In Toni Cade Bambara’s “The Lesson,” though Silvia is deeply affected by Miss Moore’s lesson of “where we are is who we are,” she remains undaunted and vows “ain’t nobody gonna beat me at nuthin” (94,96). During an interview of Alice Childress and Toni Morrison conducted by Black Creation magazine, Childress claims “that all black writers, whether they intended to or not have been writing about not being free. Always–from the beginning of America right up to now” (Walker and Weathers 92).
The theory of naturalism is also about the primal struggle for freedom– freedom to develop and realize all of the possibilities of our souls and intellects within a societal framework. One cannot think of African Americans without considering society’s insidious racist attempts to retain black men and women as cheap sources of labor, whether enslaved or ostensibly “free. ” A universal characteristic of Morrison’s published novels has been her depiction of male and female protagonists failing or succeeding on the difficult journey to freedom through self-awareness.
Of course, the struggle to realize one’s identity has surfaced repeatedly in literature; however, Morrison’s steadfast concentration on the importance of the past indicates that for her, self-realization for African Americans can only be achieved through an active acknowledgement of one’s cultural past. Only by understanding and accepting the past can African Americans achieve a psychological wholeness in the present and strengthen their power as a race in the future.
In Specifying, Susan Willis captures very well the importance of Morrison’s themes and the highly charged atmosphere of her novels: There is a sense of urgency in Morrison’s writing, produced by the realization that a great deal is at stake. The novels may focus on individual characters like Milkman and Jadine, but the salvation of individuals is not the point. Rather, these individuals struggling to reclaim or redefine themselves, are portrayed as epiphenomenal to community and culture, and it is the strength and continuity of the black cultural heritage as a whole that is at stake and being tested. 93-94) What is “at stake” in Morrison’s novels and in black fiction in general is a consistent emphasis on the need to resist forces stemming from society which may serve to destroy “continuity of the black cultural heritage” by a conscious embracing of the past combined with a concurrent quest for identity. When analyzing this pattern of creative reSistance of outside forces and rebuilding of the self in Morrison’s novels, one can perceive a distinct echo of naturalism.
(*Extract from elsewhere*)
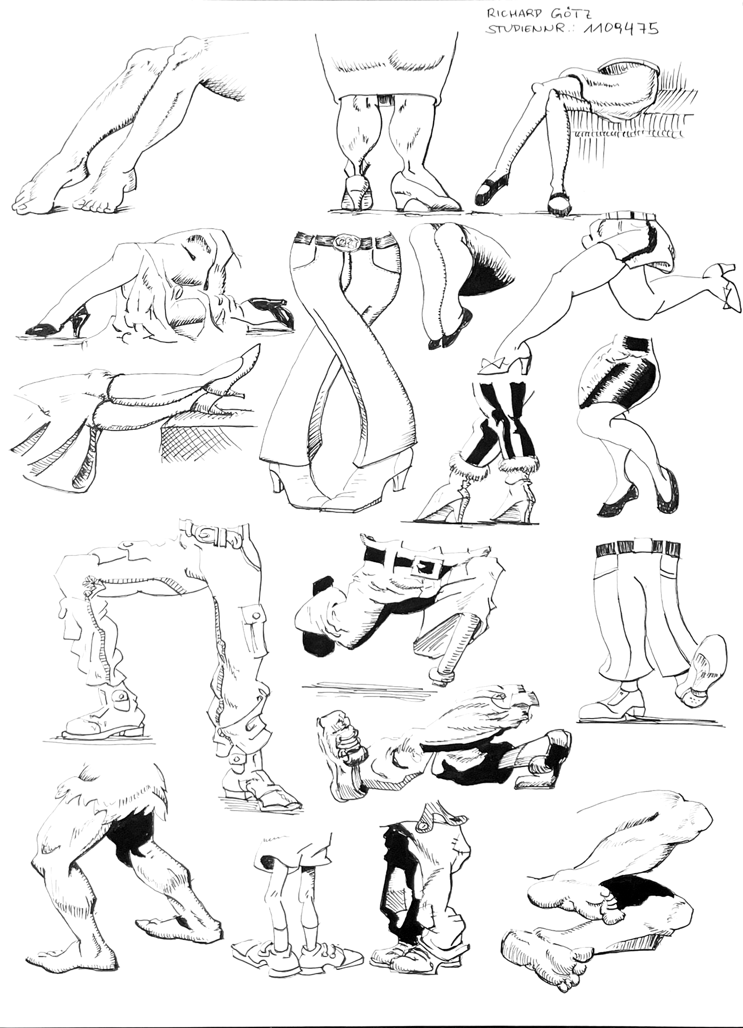 Ein Studenblatt zur Übung verschiedener Beine in verschiedenen Positionen.

The word “echo” is significant because Morrison’s novels are not strictly naturalistic.
While Morrison’s works do exhibit naturalistic tendencies, she presents them in a new way, illustrating different challenges specific to minorities and offering alternate ways of dealing with these challenges. Morrison’s protagonists face a world that is more complex, oppressive, and destructive than either Theodore Dreiser’s Carrie or John Steinbeck’s Tom Joad because Morrison’s protagonists must battle against intraracism and interracism as well as poverty and sexism. In Fingering the Jagged Grain: Tradition and Form in Recent Black Fiction, Keith E.
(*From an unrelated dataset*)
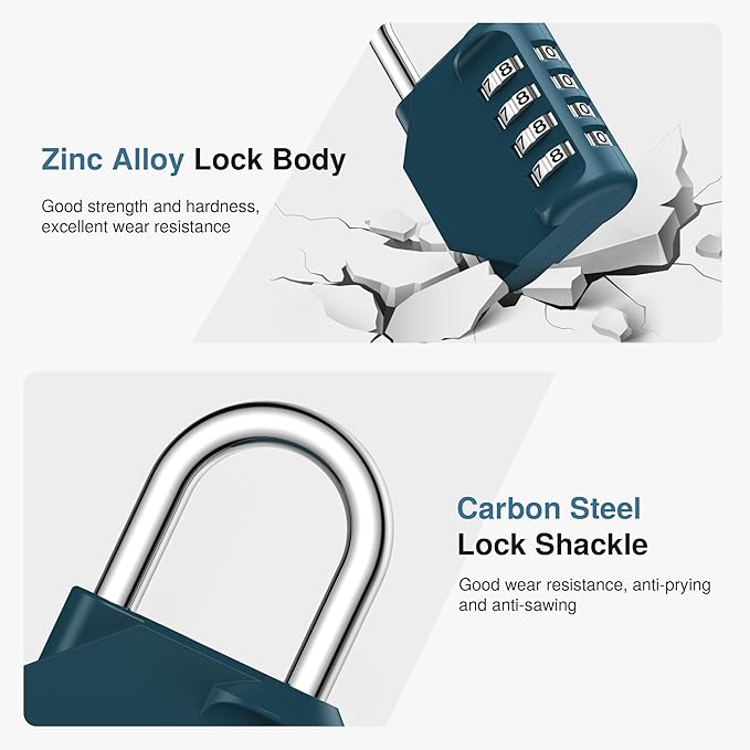 - Built to Last: This heavy-duty lock comes with a high-strength zinc alloy body for maximum durability, resisting sawing, prying, and hammering. Its rust-proof and corrosion-resistant design ensures long-lasting performance for both indoor and outdoor use.

Byerman claims that historically African American writers have not adopted an existing European or American literary form without significantly changing it to correspond to the black experience: From Phillis Wheatley’s early verses through the moralistic style of the slave narratives and Wright’s naturalism to Ellison’s symbolic and experimental novel, black writers have consistently turned European and white American forms and techniques to their own purposes, just as blacks in general have changed the religious and social institutions of the dominant culture to meet their special needs. 41) Furthermore, this “adapting of nonblack forms to black materials” is not always a conscious or even a voluntary act, but an inevitable one rising from the differing life experiences of African Americans due not only to the existence of racism throughout the history of this country, but to African American cultural heritage, folklore, and mores (Byerman 41).
In his comprehensive text, The Afro-American Novel and Its Tradition, Bernard Bell argues that dating back to W. E. B. DuBois them has been a history of African American fiction that can be identified as naturalistic. Bell also clearly supports an ethnic deconstruction of the traditional theory when he claims that when naturalism appears in black fiction it has been “refracted through the double-consciousness and double vision of black American novelists” (81).
However, although Bell does use the term “black naturalism” once when describing the naturalism of the 1940s, he does not appear to propose a new genre with this rifle. Moreover, my definition of naturalism in African American fiction is more liberal than the naturalism Bell describes and includes literature that could also be characterized as having strong pastoral romantic, mythic or folkloric elements.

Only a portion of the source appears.